Breaking Down the Threat Level: What We Know
| Asteroid Type | Approximate Size | Impact Frequency | Primary Risk |
|---|---|---|---|
| Civilization-ending | Mile-wide or larger | Every tens of millions of years | Mass extinction |
| Decameter-scale | Few dozen to few hundred feet | More frequent; several expected this century | Satellite and space infrastructure disruption |
The researchers say new observations make it likely that within the next decade, scientists will identify a handful of these building-sized asteroids on a path toward the Earth-Moon system before the century ends. That is not a vague, distant possibility — it is a near-term scientific expectation.
Who Gets Affected and How
If you rely on a smartphone, use a bank, fly on a plane, or depend on weather forecasts — you are in the group of people whose daily life could be disrupted by a decameter-scale asteroid impact on space infrastructure. That is essentially everyone in the developed world, and increasingly, the developing world too.
The researchers are not suggesting mass evacuations or emergency bunkers. What they are calling for is institutional readiness: the scientific infrastructure to detect these objects early, the international cooperation to respond quickly, and the technical capability to deflect or redirect them if necessary.
Planetary defense, as Cambioni and his colleagues frame it, is no longer a niche scientific curiosity. It is a practical field with real engineering challenges and real timelines. The question is not whether a decameter-scale asteroid will enter the Earth-Moon system before 2100 — scientists now believe that is likely. The question is whether humanity will be ready when it does.

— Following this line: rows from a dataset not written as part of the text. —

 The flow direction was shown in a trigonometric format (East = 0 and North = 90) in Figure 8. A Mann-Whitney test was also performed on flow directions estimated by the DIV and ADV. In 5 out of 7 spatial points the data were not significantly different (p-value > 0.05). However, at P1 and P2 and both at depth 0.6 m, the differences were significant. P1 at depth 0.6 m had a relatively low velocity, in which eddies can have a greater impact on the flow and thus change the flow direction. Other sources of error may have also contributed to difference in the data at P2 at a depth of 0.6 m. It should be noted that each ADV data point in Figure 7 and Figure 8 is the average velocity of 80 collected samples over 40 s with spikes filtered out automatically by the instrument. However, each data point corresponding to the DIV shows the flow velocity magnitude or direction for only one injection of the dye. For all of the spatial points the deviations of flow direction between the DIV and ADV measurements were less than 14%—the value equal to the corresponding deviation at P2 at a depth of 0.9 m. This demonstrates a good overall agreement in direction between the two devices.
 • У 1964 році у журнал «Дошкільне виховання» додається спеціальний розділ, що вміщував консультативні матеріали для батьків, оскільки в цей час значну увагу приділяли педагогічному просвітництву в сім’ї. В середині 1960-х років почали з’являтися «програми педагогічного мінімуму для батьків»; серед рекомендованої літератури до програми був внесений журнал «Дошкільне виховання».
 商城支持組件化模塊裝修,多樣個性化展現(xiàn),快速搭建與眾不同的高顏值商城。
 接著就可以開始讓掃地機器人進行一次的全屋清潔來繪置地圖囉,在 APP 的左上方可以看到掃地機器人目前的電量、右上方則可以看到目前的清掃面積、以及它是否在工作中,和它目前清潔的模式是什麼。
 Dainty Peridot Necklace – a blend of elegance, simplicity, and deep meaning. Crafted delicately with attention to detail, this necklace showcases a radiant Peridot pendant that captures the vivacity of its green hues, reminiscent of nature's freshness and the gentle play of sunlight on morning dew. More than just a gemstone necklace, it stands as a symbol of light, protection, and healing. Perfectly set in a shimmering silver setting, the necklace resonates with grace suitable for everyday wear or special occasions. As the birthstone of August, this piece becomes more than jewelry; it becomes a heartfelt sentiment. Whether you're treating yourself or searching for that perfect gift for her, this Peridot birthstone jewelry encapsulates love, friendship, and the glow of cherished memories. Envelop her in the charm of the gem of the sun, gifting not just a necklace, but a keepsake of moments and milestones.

What Comes Next in Planetary Defense
The research team is pushing for a faster and more coordinated detection and response pipeline. The emphasis is on speed: identifying threatening objects earlier, sharing data across international observatories more efficiently, and building the decision-making frameworks needed to authorize a deflection mission before the window closes.
Cambioni’s phrase — “an asteroid revolution” — captures the mood in the field. Detection technology is improving. Deflection has been demonstrated. What remains is building the institutional muscle to connect those capabilities into a functioning planetary defense system before the next significant object shows up on the radar.

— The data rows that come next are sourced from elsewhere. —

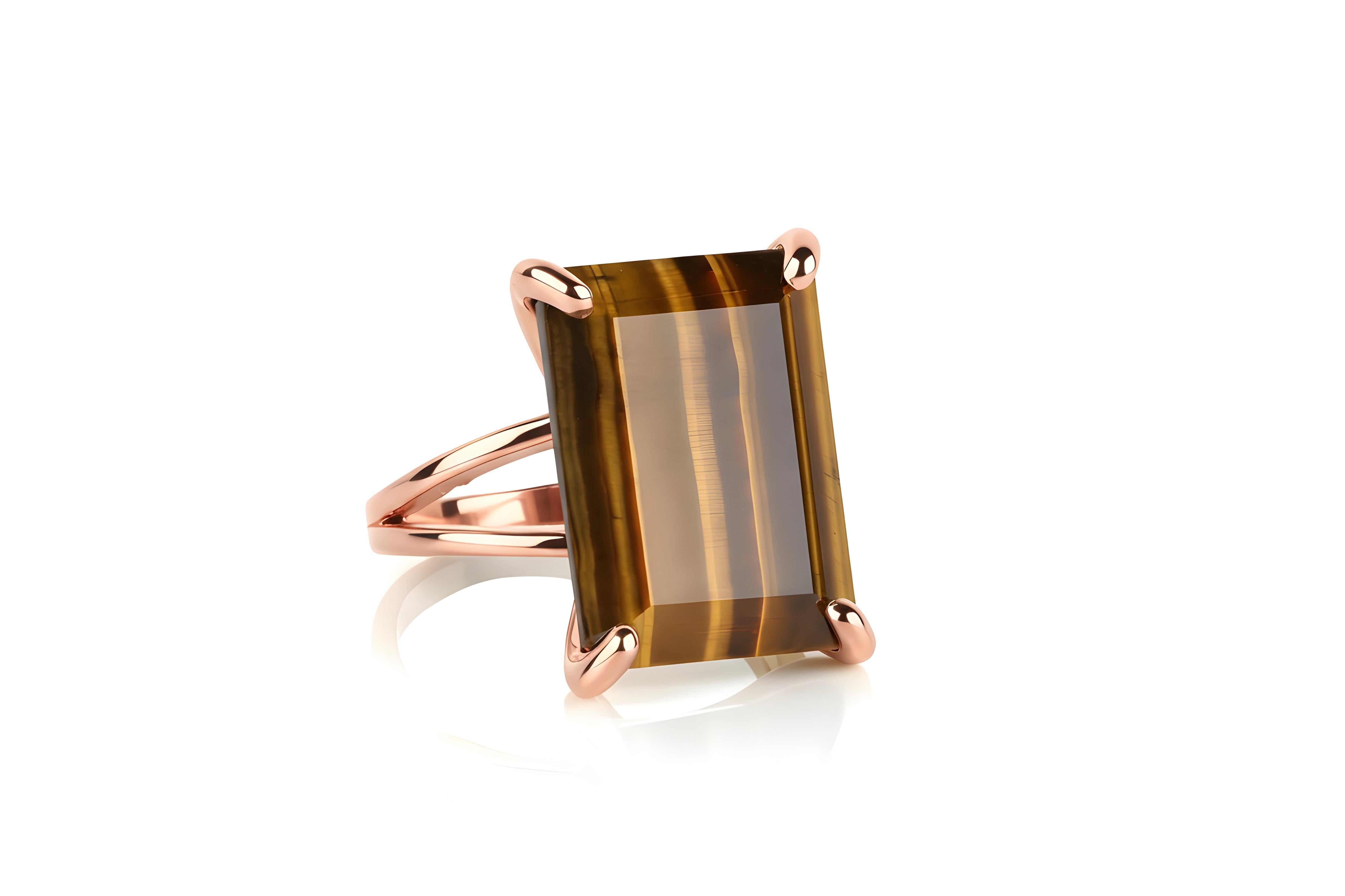 14k Rose Gold Large Handmade Tiger Eye Ring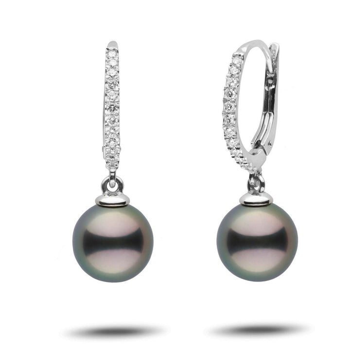 This popular earring design features AAA-quality, round Tahitian 9.0-10.0 mm pearls dangling below an impressive 14-karat gold setting with 11 sparkling diamonds on each ear. There are 22 diamonds with a total carat weight of 0.22 cttw.
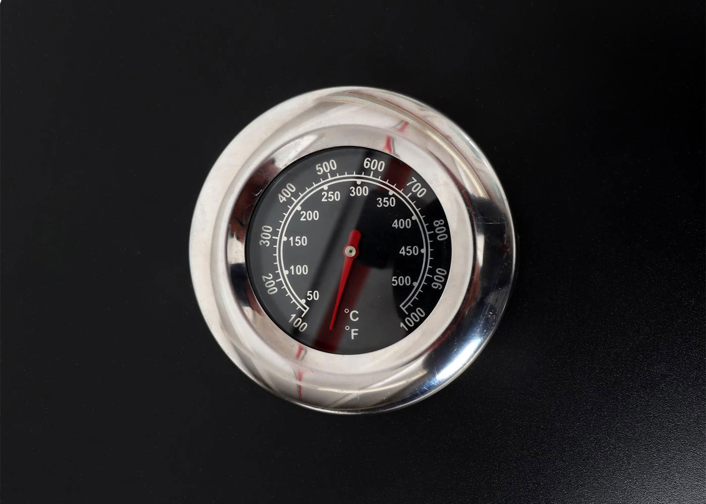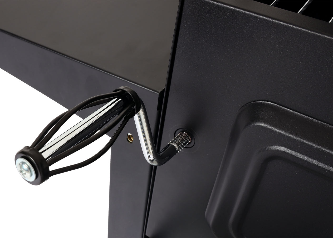 - In hoogte verstelbare vuurschalen voor warmteregulering- Vuurschalen van duurzaam emaille- Met geïntegreerde thermometer in de deksel- Inclusief verchroomd grilloppervlak (3 x grillroosters) en warmhoudrek- Zijplank met 4 bestekhaken - Stabiele voeten met 2 extra wielen- Verstelbare luchttoevoer a...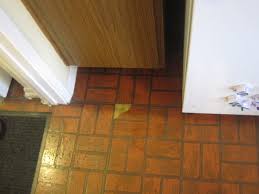 Below at left is a similar thin vinyl 12x12 white brick floor tile pattern from a 1983 home that we suspect is asbestos free, while at below right is another example of th herringbone white brick floor tile pattern that I think this is the same type of flooring as in our photo at above left. For the floor at above left, most likely as a 1983 home this is post the asbestos floor tile era, though it's at the edge of that time. I've had some reports from readers testing later 12x12 tiles that did not find asbestos in them and reports from other readers testing what we think were older tiles from the 1970's that did contain asbestos. Below are two more photographs of this popular Armstrong floorg, Romsford Brick white. Romford Red was also a popular pattern. If you have to guess about the asbestos risk with this tile, guess that the 9x9" versions of this flooring most likely contain asbestos, that some later versions might in either size, but that latter productionof the 12x12" flooring may not contain asbestos.

Frequently Asked Questions
Are these five asteroids already identified and tracked?
Not yet. The researchers say new observations make it likely that within the next decade, scientists will identify a handful of building-sized asteroids on a path toward the Earth-Moon system sometime this century — meaning they have not all been found yet.
Would these asteroids kill people on the ground?
According to associate professor Julien de Wit, decameter-scale asteroids would “probably lead to zero direct human casualties,” though they could still cause serious disruption to space infrastructure.
What is a decameter-scale asteroid?
It refers to an asteroid roughly a few dozen to a few hundred feet across — comparable in size to a midrise building — making it far smaller than the mile-wide rocks depicted in disaster movies.
What is the biggest real-world risk from these smaller asteroids?
The researchers specifically highlight the threat to space infrastructure, including the satellites that underpin GPS, communications, weather forecasting, and financial systems.
Has any asteroid ever been successfully deflected?
What are scientists calling for to address this threat?
The research team, including Burdanov, Teague, and Cambioni, is pushing for a faster response pipeline: better detection, quicker data sharing, and stronger international coordination to identify and respond to incoming objects before it is too late.